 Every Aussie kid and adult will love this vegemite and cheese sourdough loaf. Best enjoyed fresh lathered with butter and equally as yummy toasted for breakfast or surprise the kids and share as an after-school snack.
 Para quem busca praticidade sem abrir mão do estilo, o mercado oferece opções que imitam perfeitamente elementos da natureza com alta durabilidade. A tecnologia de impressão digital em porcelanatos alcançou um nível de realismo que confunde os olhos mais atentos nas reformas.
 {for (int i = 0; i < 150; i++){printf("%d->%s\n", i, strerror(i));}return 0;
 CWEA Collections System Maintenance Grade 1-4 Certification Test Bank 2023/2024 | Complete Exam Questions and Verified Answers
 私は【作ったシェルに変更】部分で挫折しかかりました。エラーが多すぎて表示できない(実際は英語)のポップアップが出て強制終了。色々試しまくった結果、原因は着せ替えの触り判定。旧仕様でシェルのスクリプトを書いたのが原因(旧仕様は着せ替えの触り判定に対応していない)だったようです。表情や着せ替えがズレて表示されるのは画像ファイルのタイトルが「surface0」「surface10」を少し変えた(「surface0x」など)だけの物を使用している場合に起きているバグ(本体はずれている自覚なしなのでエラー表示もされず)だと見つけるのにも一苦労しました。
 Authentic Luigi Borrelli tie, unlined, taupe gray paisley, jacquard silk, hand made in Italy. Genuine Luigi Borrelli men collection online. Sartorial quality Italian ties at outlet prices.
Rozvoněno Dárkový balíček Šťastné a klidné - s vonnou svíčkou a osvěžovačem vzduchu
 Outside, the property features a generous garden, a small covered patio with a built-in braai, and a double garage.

----

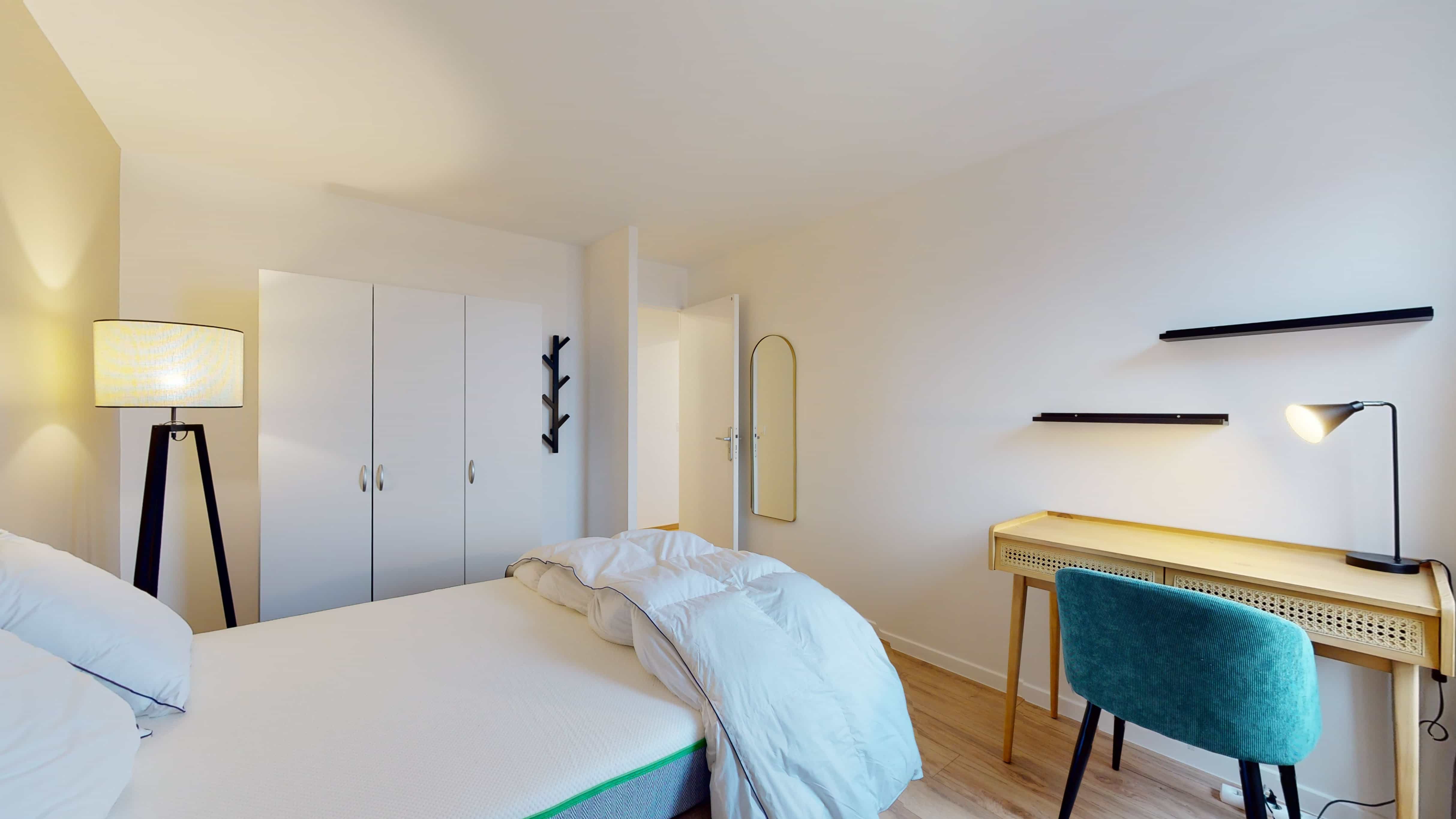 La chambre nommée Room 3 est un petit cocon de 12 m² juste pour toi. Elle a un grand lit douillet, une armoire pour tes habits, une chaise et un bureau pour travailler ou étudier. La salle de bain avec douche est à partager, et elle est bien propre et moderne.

----

### Try it
From the data above, output exactly the lines between the one containing "Every Aussie kid" and the one containing "私は【作ったシェルに変更】部", counting both of them.

### Finished exercise
 Every Aussie kid and adult will love this vegemite and cheese sourdough loaf. Best enjoyed fresh lathered with butter and equally as yummy toasted for breakfast or surprise the kids and share as an after-school snack.
 Para quem busca praticidade sem abrir mão do estilo, o mercado oferece opções que imitam perfeitamente elementos da natureza com alta durabilidade. A tecnologia de impressão digital em porcelanatos alcançou um nível de realismo que confunde os olhos mais atentos nas reformas.
 {for (int i = 0; i < 150; i++){printf("%d->%s\n", i, strerror(i));}return 0;
 CWEA Collections System Maintenance Grade 1-4 Certification Test Bank 2023/2024 | Complete Exam Questions and Verified Answers
 私は【作ったシェルに変更】部分で挫折しかかりました。エラーが多すぎて表示できない(実際は英語)のポップアップが出て強制終了。色々試しまくった結果、原因は着せ替えの触り判定。旧仕様でシェルのスクリプトを書いたのが原因(旧仕様は着せ替えの触り判定に対応していない)だったようです。表情や着せ替えがズレて表示されるのは画像ファイルのタイトルが「surface0」「surface10」を少し変えた(「surface0x」など)だけの物を使用している場合に起きているバグ(本体はずれている自覚なしなのでエラー表示もされず)だと見つけるのにも一苦労しました。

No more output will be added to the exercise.